Albanians are suspicious on the Greek neighbor especially because of their relations with the Serbs. Still under the influence of the Kosovo War emotions, there are many the people in Albania that their judgement for the neighbors passes through the Kosovar prism. Some organs of the mass media maintain a hostile attitude towards Greece and further more speak of the Greek planes to colonize Albania.

But stripped off emotions, Albania greatly needs its southern neighbor: currently 400-500 thousand Albanians work in Greece. They sent in Albania the money that are earned in Greece by keeping alive not only their poor families, but also the Governments, which change one after the other in Albania.

That's where we should search for the reason, why in general Tirana keeps quiet when the powerful and capricious neighbor behaves arrogantly. They know it, of course in Athens and when the need comes do not hesitate to forewarn by filling up some buses with immigrants and sending them back to Albania.

In fact this story resembles more or less the cat and the mouse story. At present, Greece benefits from the Albanian immigrants to the same extend Albania does. They work on second hand jobs that the Greeks have forgotten by now and are paid much less than the Greek workers. Greek economy greatly depends on the Albanian immigration. In Tirana they know it already and each time the loaded bus with immigrants reach the border, Albanian authorities pretend to look worried, because it is clear that the expelled immigrants will head back for Greece after some days.

In this climate of mutual mistrust and doubt, the pragmatic Governments of both countries have managed not without success in maintaining balanced relationship. Both sides have adopted the concept according to which "the inherited problems from the past should not become obstacles for the present and the future."

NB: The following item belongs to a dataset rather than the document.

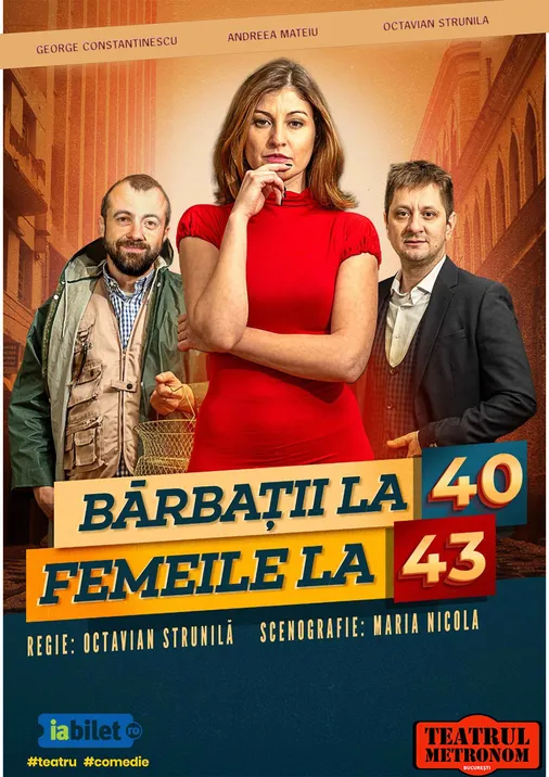 Să renunți la facultate pentru cariera soțului și apoi să constați că te înșală, să te prindă criza de la 40 cu un milion de euro în cont sau să fii părăsit pentru că ești un om prea bun la suflet sunt problemele cu care se confruntă personajele noastre, surprinse în trei tablouri: la 29, la 40 și apoi la 43 de ani. În distribuție: Octavian Strunilă, Andreea Mateiu și George Constantinescu. Scris și regizat de Octavian Strunilă.

Tirana, of course, didn't like the rallies on the streets of Athens against the NATO air campaign over Yugoslavia, but however, was satisfied with the fact that Greece didn't use the veto mechanism to impede them anyhow. And in the long run, the Greek government attitude during the campaign was pragmatic and much more advanced than the attitude of the Greek public opinion, which was almost homogenous with anti NATO feelings. Albanian press has been more aggressive towards Dini, Italian foreign minister than towards its Greek counterpart Papandreou.

Probably in Athens doesn't look good the tendency manifested by Tirana to play the role of the first violin in the Stability Pact. According to some experts, the Stability Pact gives more importance to the axe Albania-Macedonia-Bulgaria-Turkey, countries known as pro Americans and shadows the vertical axe Greece-Macedonia-Serbia, which in all cases demonstrates problems.

Of course a lot of arguments are accountable in favor of the idea that Greece is interested of a strong and stable Albania. First of all it will curb the great influx of immigrants, who besides the positive contribution on the Greek economy, causes some social problems, especially in the high rate of criminality. A stable Albania, of course, would be a safer shelter for Greek minority in Albania, which the great part of it is only registered in Albania, but leaves and works in Greece.

But also some arguments that run contrary to this idea can be counted. A strong and stable Albania would be less dependable on the Greek market and would try for a greater role of the Albanian factor in the Balkan, which is not favored by the Athens. Or could be orientated more openly towards Italy, which the bulk of the Albanians sympathizes, more than Greece.

The rivalry between Greece and Italy regarding Albania cannot be considered as secret, or better the rivalry for the EU projects in Albania. Berisha preferred Italy ahead of Greece, but during the last period of his reign the relations with both neighbors reached a low level. Nano preferred Greece ahead of Italy, which faced him with the Italian criticism on one side and Turkish on the other side. Majko neglected both sides during the Kosovo crisis, dedicating to the relationship with the US. While Meta with the new post-war situation seems to have leaned the steering wheel more towards Rome, by causing so certain dissatisfactions in Athens. This can partly explains also the last dilemmas.

History pushes Greeks and Albanians more towards intrigues, the present towards love.